The first settlers arrived around 1679, and in 1714 the village became an official parish.

The present-day church, a historical-registered building, was built from 1754 to 1767. Interrupted during construction by the Seven Years' War (1756–1763), it is one of the last buildings to be constructed under the French regime. The church has a facade and two towers, a baroque interior, a neoclassical reredos, and two tiers of openings on the bell tower, a presbytery (designed by architect Charles Baillargé in 1849) featuring five neatly lined dormer windows. A cemetery encircles the square, leading to the river below.

The Place de l'Église square is crowned with old wells dating back to 1799. Vieux Chemin street was built along the same geographical line as that Chemin-du-Roy, the first road linking Montreal and Quebec City in the 18th century. Wooden and stone homes dot the narrow and shaded street that borders the cape. The quay is on the Saint Lawrence River.

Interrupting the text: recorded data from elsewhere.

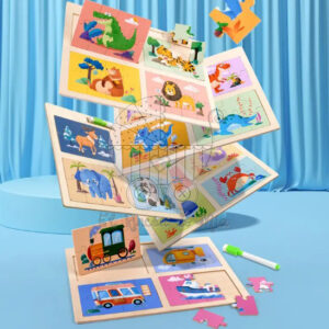 Este juego cuenta con 4 rompecabezas de madera y al otro lado cuenta con una pizarra para dejar volar la imaginación.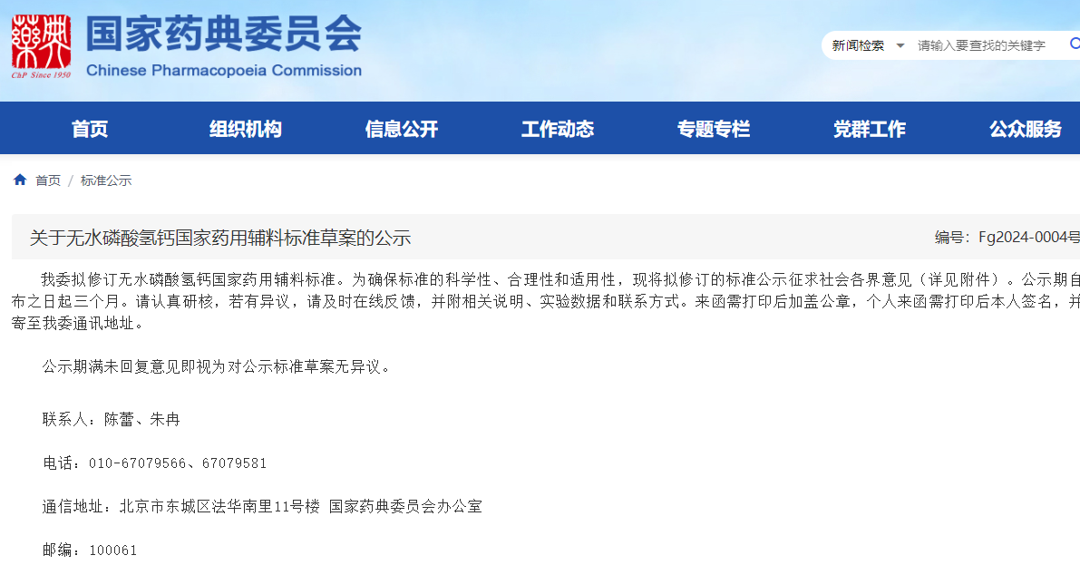 同日,國家藥典委發(fā)布關(guān)于無水磷酸氫鈣國家藥用輔料標(biāo)準(zhǔn)草案的公示,擬修訂無水磷酸氫鈣國家藥用輔料標(biāo)準(zhǔn)。公示期自發(fā)布之日起三個月。為確保標(biāo)準(zhǔn)的科學(xué)性、合理性和適用性,現(xiàn)將擬修訂的標(biāo)準(zhǔn)公示征求社會各界意見(詳見附件)。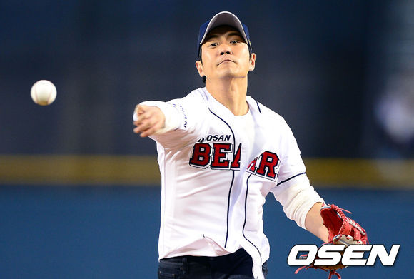 11일 오후 서울 잠실구장에서 열린 '2013 한국야쿠르트 세븐 프로야구' 준플레이오프 3차전 두산 베어스와 넥센 히어로즈의 경기전 주상욱이 시구를 하고 있다.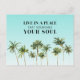 Om du planerar att flytta till Florida, här finns ett vykort för flytta som kommer att uppmärksammas av familj och vänner. Ett motiverande ordspråk i stor text sätts på en akvabrombbakgrund med en gräns av vattenfärgen handflatan träd över kortets grund. Motiveringsgrafiken på nya adress kort lyder: "Lev i ett ställe som omger din själ." All text på baksidan av kortet kan lätt vara personlig med din nya kontaktinformation. Talesmannen är © Barbara Casey.

In 1759 following the defeat of the French at the Battle of the Plains of Abraham during the Seven Years' War, the commander of the French forces, Chevalier de Lévis, ordered the construction of Fort Jacques-Cartier at the mouth of the Jacques-Cartier River from materials originally destined for the construction of a church. The following year, using the fort as a logistics base, Lévis attempted unsuccessfully with 7,000 men to recapture Quebec City from the British. The British captured the fort in September 1760 and kept a garrison there until 1763 after which they abandoned it. Virtually nothing remains of the fort aside from archaeological remains, which is also situated on private land inaccessible to the public on the 'Plateau Jacques-Cartier' district of the municipality. Close by, is the Allsopp House (late 18th century), an old seigneurial manor named after the Allsopp family, now a private property registered as a historical building.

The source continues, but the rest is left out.